Alaska pioneer, Donald Glen Wilcox, died March 6, 2020, at home in Anchorage. Don was 99 years old. He was born Jan. 27, 1921, to Howard Glen and Helen Wilcox in Jerome, Arizona. Don led a full, productive and colorful life.
Don's family sailed from Seattle to Juneau in 1935 aboard the wooden steamer SS Zapora, which foundered. Picked up by the SS Prince George and with no space to house everyone, Don and his siblings arrive in Ketchikan in the brig.
After graduating from Juneau High School, he guarded floating fish wheels in Southeast Alaska. He earned his degree in Mining Engineering in 1943, serving as President of the University of Alaska Student Union in Fairbanks.
Don proudly served in World War II. Commissioned an ensign at Columbia University, he trained on diesel engines at Penn State, and traveled by troop train to join his vessel in Portland, Oregon. He served as an Engineering Officer aboard LCL(L)-1020 "Landing Craft, Infantry (Large)," ferrying soldiers and Maries for amphibious landings across the vast Pacific Theater.
Don's crew was preparing for the invasion of Japan when President Truman ended the war with the atomic bombing of Hiroshima and Nagasaki. During the occupation of Japan, Don walked through the blast zone of Nagasaki, unaware of the radioactive dangers.
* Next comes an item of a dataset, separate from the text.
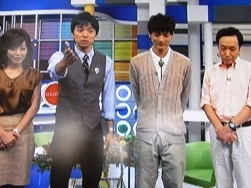 カテゴリ再分類中です~というわけで、遅いアップでスミマセンコーナー、後半です。王様のブランチ エンタメデミダス 8月6日OAで、今回の番宣の企画発表ーイケメン自己申告! 私がナンバー1他の4人には負けない!という特技&自慢をアピール!とうもの。・・・しっかし、何でもイケメンっていえばいいってもんでもなかろー・・・って思ってしまうんですが。名前を伏せて、最初にでたフリップは、、、、 「自転車」・・・これは誰だかすぐわかるQ:これはどなたですか?冬:(一応後ろ振り向いたりして)これは、、、僕ですね。 舞台って、結構あのー、体力がいるものじゃないですか。 だから、ここ・・・この稽古が始まって・・・え~、、、から、ずっと、ここまで 自転車で通ってます。 往復で40kmは!通ってますね・・・中:何が楽しいの???菊:(後ろで笑ってる)冬:(中尾くんに手をかけて、弁解しようとするが、、、)中:いろんな人が乗ってるけど、何が楽しいのか理解できない! 坂道とかみると、興奮するんでしょ??冬:まま、、、、それはたぶん・・・人それぞれだと思うんだけど、 まずまず、自転車っていうのは、エコだからね?中:まあ、それはね・・・冬:(中尾くん指差して何か言いたそう)えへへ・・・という感じでしたが、、、冬冬くんならムエタイだの写真だの中国語だって、なんでも言えそうな感じはするけどねえ。つぎは、ブレイクダンス=古川くんでして、ちょっと披露してくれました。(多少、微妙な感も・・・)でも、最後は腕が変な角度で止まって、みんなにもオオウケ。中:自転車がショボく感じるね! 冬:オイ!(笑)それを言っちゃあ・・・竹内くんは、冬冬くんに手をかけて笑ってます。お次は、スキージャンプ=竹内くん、お兄さんがバンクーバー五輪の日本代表で、竹内くん本人も全国大会4位だったことがあるそうな。驚くみなさん。冬:それは、いくつのとき?竹:中3のときです。冬:マヂで?すごいな・・・・(とツッコミナシで感心する)そして、字=菊田くん・・・・この字がビミョーに・・・下手自分的にはアートに感じる字を書くのが好きらしいんですが、、、、その場で披露した字は、、、自分のサインじゃんっなかなかのお茶目さんですな。中:きっと菊田くん、特技無いんだね・・・・最後に、女子への興味=中尾くん・・・・オイオイ中:菊田くんのこと、特技ねぇ、って言ったけど、 ほんとに俺も(特技)ないの!でも、本人的には、こんなに男子ばかりのカンパニーなのに、グラビア見て盛り上がるとか全然なくて、すごく不満なんだそうです確かに、その不満を訴える中尾くんの周りの4人は、冷静にうなずくだけ・・・・笑えた。一応最後に舞台告知をして終了。 女子への興味、とか言った後に、説得力あるかな???と中尾くんは心配してましたがたぶん、中尾くんはいまどきの、あのくらいの男子の普通な姿なんだと思います。同じくらいの年齢の時にはすでに落ち着いていた冬冬くんにもまして、菊田くんや古川くんも、結構おちついているように見えましたねー竹内くんは、、、、若いんで皆の弟って感じ?ま、この雰囲気は舞台DVDで確認してみようと思います

Returning home to Alaska, Lt. Wilcox served on the Admiral's staff in Kodiak. Don was given a classified mission to locate the best site in the Territory for a new radio antenna linking Washington DC with Tokyo. His recommendation to sling the array between two peaks over the Savage River had just one problem - the location was inside McKinley National Park.
In 1948, working for the Bureau of Land Management, Don met his future wife, Dorothy Donahue, in Kotzebue. They married in Fairbanks on Jan. 29, 1949, moved to Anchorage and raised eight children.
After the 1964 earthquake, they were the first to build in Bootlegger's Cove, across from Elderberry Park. Don owned a coal mine in Sutton and worked as a contractor in Anchorage and Kenai, building part of West High School. Don taught himself to fly in his Piper J-3 Cub, and spent many years as an administrator for the FAA, planning and securing funds to improve airstrips throughout rural Alaska.
He served on the Board of Municipal Light and Power, and ran for the Alaska Legislature. He cared deeply for our country and urged us to be on guard against the loss of individual liberties.
After retirement, Don and Dorothy wintered in Alamos, Mexico, where he developed a cattle ranch and hired many local residents.
He taught mining safety for the University of Alaska Anchorage, was a founding member of the Knights of Columbus in Anchorage, and a lifetime member of the American Legion Jack Henry Post 1, a longtime member of the Alaska Miners Association and the OX5 Aviation Pioneers.
He was preceded in death by his wife of more than 70 years, Dorothy Wilcox, who died just six weeks before he did and by his oldest son, Walter James Wilcox. He is survived by his children, Mary Lucy Cannelos (George), Katie Hill (George), Dorothy Bennett (Jim), Bill (Mary Lou) Wilcox, Christine Hume, Glen (Esra) Wilcox and Peggy (Theo Graber) Wilcox, 16 grandchildren and many beloved great grandchildren. His extensive family resides in Alaska, the lower 48 and as far away as Norway and Turkey.
A celebration of life will be held later in the summer.
The family wishes to thank the Veterans Administration and especially Sharon Ameline for their dedicated care so that Don and Dorothy could live at home during their final years.
Published by Daily News-Miner on Mar. 13, 2020.